Task inputs
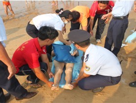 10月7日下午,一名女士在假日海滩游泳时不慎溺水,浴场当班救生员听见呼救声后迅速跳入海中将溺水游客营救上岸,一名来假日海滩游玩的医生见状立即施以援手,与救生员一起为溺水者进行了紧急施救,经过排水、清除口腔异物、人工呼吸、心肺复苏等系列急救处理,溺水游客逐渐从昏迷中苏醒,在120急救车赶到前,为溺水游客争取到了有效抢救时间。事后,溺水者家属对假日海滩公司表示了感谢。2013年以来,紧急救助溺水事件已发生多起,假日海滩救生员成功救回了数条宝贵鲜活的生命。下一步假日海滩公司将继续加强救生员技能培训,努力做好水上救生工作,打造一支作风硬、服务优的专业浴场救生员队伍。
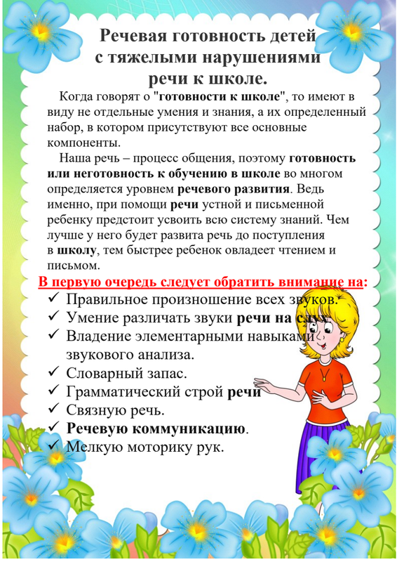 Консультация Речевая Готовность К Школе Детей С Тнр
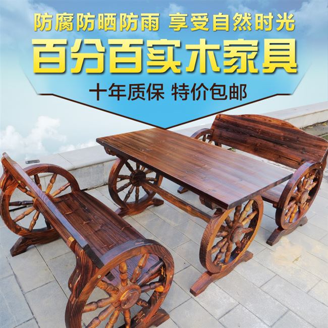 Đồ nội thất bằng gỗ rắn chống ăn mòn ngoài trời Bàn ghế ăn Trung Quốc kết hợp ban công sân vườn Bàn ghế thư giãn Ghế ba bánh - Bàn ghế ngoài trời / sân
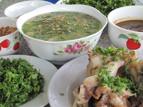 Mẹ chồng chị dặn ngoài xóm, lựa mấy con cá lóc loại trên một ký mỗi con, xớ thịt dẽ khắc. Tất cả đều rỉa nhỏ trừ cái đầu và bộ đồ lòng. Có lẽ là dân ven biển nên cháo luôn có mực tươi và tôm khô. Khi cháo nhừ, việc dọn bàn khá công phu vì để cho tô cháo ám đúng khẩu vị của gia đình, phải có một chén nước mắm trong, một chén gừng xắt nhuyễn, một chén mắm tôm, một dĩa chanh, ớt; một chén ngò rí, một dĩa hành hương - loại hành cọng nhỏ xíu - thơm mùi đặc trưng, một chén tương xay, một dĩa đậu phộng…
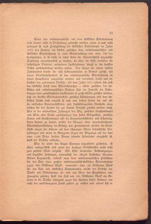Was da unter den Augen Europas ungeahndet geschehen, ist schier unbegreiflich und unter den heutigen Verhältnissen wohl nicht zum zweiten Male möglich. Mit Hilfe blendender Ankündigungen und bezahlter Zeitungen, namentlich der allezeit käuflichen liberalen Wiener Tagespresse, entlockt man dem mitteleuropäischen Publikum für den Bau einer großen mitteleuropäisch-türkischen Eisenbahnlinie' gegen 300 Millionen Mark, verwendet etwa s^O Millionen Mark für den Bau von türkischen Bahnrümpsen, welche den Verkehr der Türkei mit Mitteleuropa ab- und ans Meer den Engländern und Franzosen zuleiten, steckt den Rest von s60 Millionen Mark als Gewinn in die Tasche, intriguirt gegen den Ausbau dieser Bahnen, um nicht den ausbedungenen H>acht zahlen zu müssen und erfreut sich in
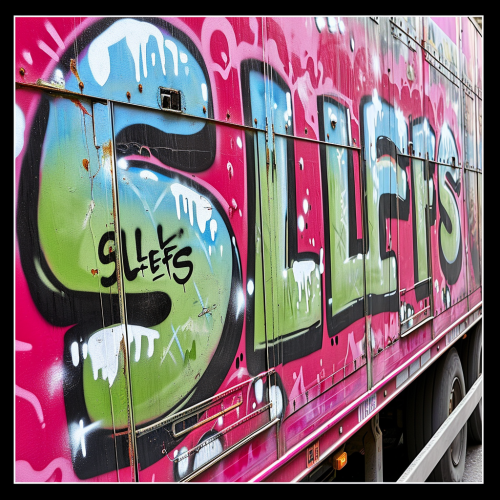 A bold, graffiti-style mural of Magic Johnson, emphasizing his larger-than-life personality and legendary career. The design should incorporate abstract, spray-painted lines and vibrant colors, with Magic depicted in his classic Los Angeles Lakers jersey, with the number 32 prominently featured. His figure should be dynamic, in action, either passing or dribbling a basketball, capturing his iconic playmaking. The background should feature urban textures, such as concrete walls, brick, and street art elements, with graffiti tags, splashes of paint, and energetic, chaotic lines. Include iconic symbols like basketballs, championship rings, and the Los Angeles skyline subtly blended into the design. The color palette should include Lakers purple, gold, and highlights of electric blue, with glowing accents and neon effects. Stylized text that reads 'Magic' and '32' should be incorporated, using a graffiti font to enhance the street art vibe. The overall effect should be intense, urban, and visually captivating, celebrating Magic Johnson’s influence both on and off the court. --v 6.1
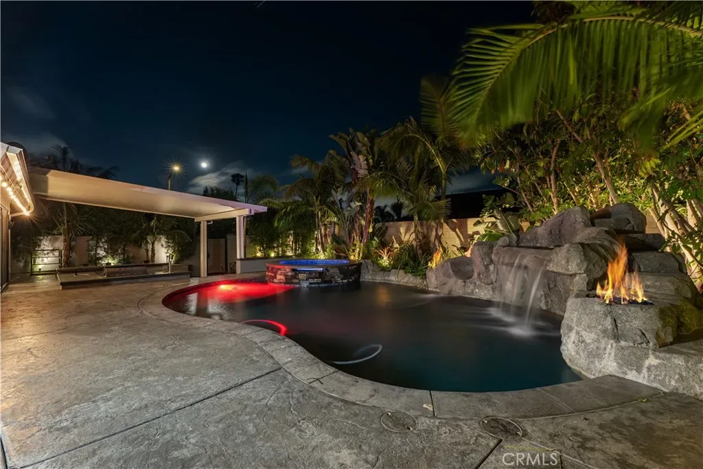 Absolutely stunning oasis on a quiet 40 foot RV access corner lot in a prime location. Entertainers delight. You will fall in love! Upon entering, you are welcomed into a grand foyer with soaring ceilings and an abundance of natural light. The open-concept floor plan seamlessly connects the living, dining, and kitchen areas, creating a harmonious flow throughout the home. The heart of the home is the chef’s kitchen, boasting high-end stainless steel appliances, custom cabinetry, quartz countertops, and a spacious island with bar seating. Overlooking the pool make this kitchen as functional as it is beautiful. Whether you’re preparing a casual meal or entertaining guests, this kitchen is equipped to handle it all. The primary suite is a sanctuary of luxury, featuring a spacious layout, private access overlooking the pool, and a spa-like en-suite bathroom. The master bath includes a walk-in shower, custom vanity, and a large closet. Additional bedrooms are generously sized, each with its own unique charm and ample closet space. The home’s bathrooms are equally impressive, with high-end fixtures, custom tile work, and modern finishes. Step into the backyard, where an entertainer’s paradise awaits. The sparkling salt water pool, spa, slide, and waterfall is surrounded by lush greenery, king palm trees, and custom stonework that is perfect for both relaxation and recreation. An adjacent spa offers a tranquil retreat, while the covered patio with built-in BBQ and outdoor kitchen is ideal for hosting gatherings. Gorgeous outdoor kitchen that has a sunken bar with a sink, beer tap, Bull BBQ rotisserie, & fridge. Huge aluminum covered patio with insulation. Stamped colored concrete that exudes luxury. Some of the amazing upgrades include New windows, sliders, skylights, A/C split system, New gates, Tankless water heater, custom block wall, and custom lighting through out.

Work order
Give back all the data exactly, minus pictures.

Reply to the task
 10月7日下午,一名女士在假日海滩游泳时不慎溺水,浴场当班救生员听见呼救声后迅速跳入海中将溺水游客营救上岸,一名来假日海滩游玩的医生见状立即施以援手,与救生员一起为溺水者进行了紧急施救,经过排水、清除口腔异物、人工呼吸、心肺复苏等系列急救处理,溺水游客逐渐从昏迷中苏醒,在120急救车赶到前,为溺水游客争取到了有效抢救时间。事后,溺水者家属对假日海滩公司表示了感谢。2013年以来,紧急救助溺水事件已发生多起,假日海滩救生员成功救回了数条宝贵鲜活的生命。下一步假日海滩公司将继续加强救生员技能培训,努力做好水上救生工作,打造一支作风硬、服务优的专业浴场救生员队伍。
 Консультация Речевая Готовность К Школе Детей С Тнр
 Đồ nội thất bằng gỗ rắn chống ăn mòn ngoài trời Bàn ghế ăn Trung Quốc kết hợp ban công sân vườn Bàn ghế thư giãn Ghế ba bánh - Bàn ghế ngoài trời / sân
 Mẹ chồng chị dặn ngoài xóm, lựa mấy con cá lóc loại trên một ký mỗi con, xớ thịt dẽ khắc. Tất cả đều rỉa nhỏ trừ cái đầu và bộ đồ lòng. Có lẽ là dân ven biển nên cháo luôn có mực tươi và tôm khô. Khi cháo nhừ, việc dọn bàn khá công phu vì để cho tô cháo ám đúng khẩu vị của gia đình, phải có một chén nước mắm trong, một chén gừng xắt nhuyễn, một chén mắm tôm, một dĩa chanh, ớt; một chén ngò rí, một dĩa hành hương - loại hành cọng nhỏ xíu - thơm mùi đặc trưng, một chén tương xay, một dĩa đậu phộng…
Was da unter den Augen Europas ungeahndet geschehen, ist schier unbegreiflich und unter den heutigen Verhältnissen wohl nicht zum zweiten Male möglich. Mit Hilfe blendender Ankündigungen und bezahlter Zeitungen, namentlich der allezeit käuflichen liberalen Wiener Tagespresse, entlockt man dem mitteleuropäischen Publikum für den Bau einer großen mitteleuropäisch-türkischen Eisenbahnlinie' gegen 300 Millionen Mark, verwendet etwa s^O Millionen Mark für den Bau von türkischen Bahnrümpsen, welche den Verkehr der Türkei mit Mitteleuropa ab- und ans Meer den Engländern und Franzosen zuleiten, steckt den Rest von s60 Millionen Mark als Gewinn in die Tasche, intriguirt gegen den Ausbau dieser Bahnen, um nicht den ausbedungenen H>acht zahlen zu müssen und erfreut sich in
 A bold, graffiti-style mural of Magic Johnson, emphasizing his larger-than-life personality and legendary career. The design should incorporate abstract, spray-painted lines and vibrant colors, with Magic depicted in his classic Los Angeles Lakers jersey, with the number 32 prominently featured. His figure should be dynamic, in action, either passing or dribbling a basketball, capturing his iconic playmaking. The background should feature urban textures, such as concrete walls, brick, and street art elements, with graffiti tags, splashes of paint, and energetic, chaotic lines. Include iconic symbols like basketballs, championship rings, and the Los Angeles skyline subtly blended into the design. The color palette should include Lakers purple, gold, and highlights of electric blue, with glowing accents and neon effects. Stylized text that reads 'Magic' and '32' should be incorporated, using a graffiti font to enhance the street art vibe. The overall effect should be intense, urban, and visually captivating, celebrating Magic Johnson’s influence both on and off the court. --v 6.1
 Absolutely stunning oasis on a quiet 40 foot RV access corner lot in a prime location. Entertainers delight. You will fall in love! Upon entering, you are welcomed into a grand foyer with soaring ceilings and an abundance of natural light. The open-concept floor plan seamlessly connects the living, dining, and kitchen areas, creating a harmonious flow throughout the home. The heart of the home is the chef’s kitchen, boasting high-end stainless steel appliances, custom cabinetry, quartz countertops, and a spacious island with bar seating. Overlooking the pool make this kitchen as functional as it is beautiful. Whether you’re preparing a casual meal or entertaining guests, this kitchen is equipped to handle it all. The primary suite is a sanctuary of luxury, featuring a spacious layout, private access overlooking the pool, and a spa-like en-suite bathroom. The master bath includes a walk-in shower, custom vanity, and a large closet. Additional bedrooms are generously sized, each with its own unique charm and ample closet space. The home’s bathrooms are equally impressive, with high-end fixtures, custom tile work, and modern finishes. Step into the backyard, where an entertainer’s paradise awaits. The sparkling salt water pool, spa, slide, and waterfall is surrounded by lush greenery, king palm trees, and custom stonework that is perfect for both relaxation and recreation. An adjacent spa offers a tranquil retreat, while the covered patio with built-in BBQ and outdoor kitchen is ideal for hosting gatherings. Gorgeous outdoor kitchen that has a sunken bar with a sink, beer tap, Bull BBQ rotisserie, & fridge. Huge aluminum covered patio with insulation. Stamped colored concrete that exudes luxury. Some of the amazing upgrades include New windows, sliders, skylights, A/C split system, New gates, Tankless water heater, custom block wall, and custom lighting through out.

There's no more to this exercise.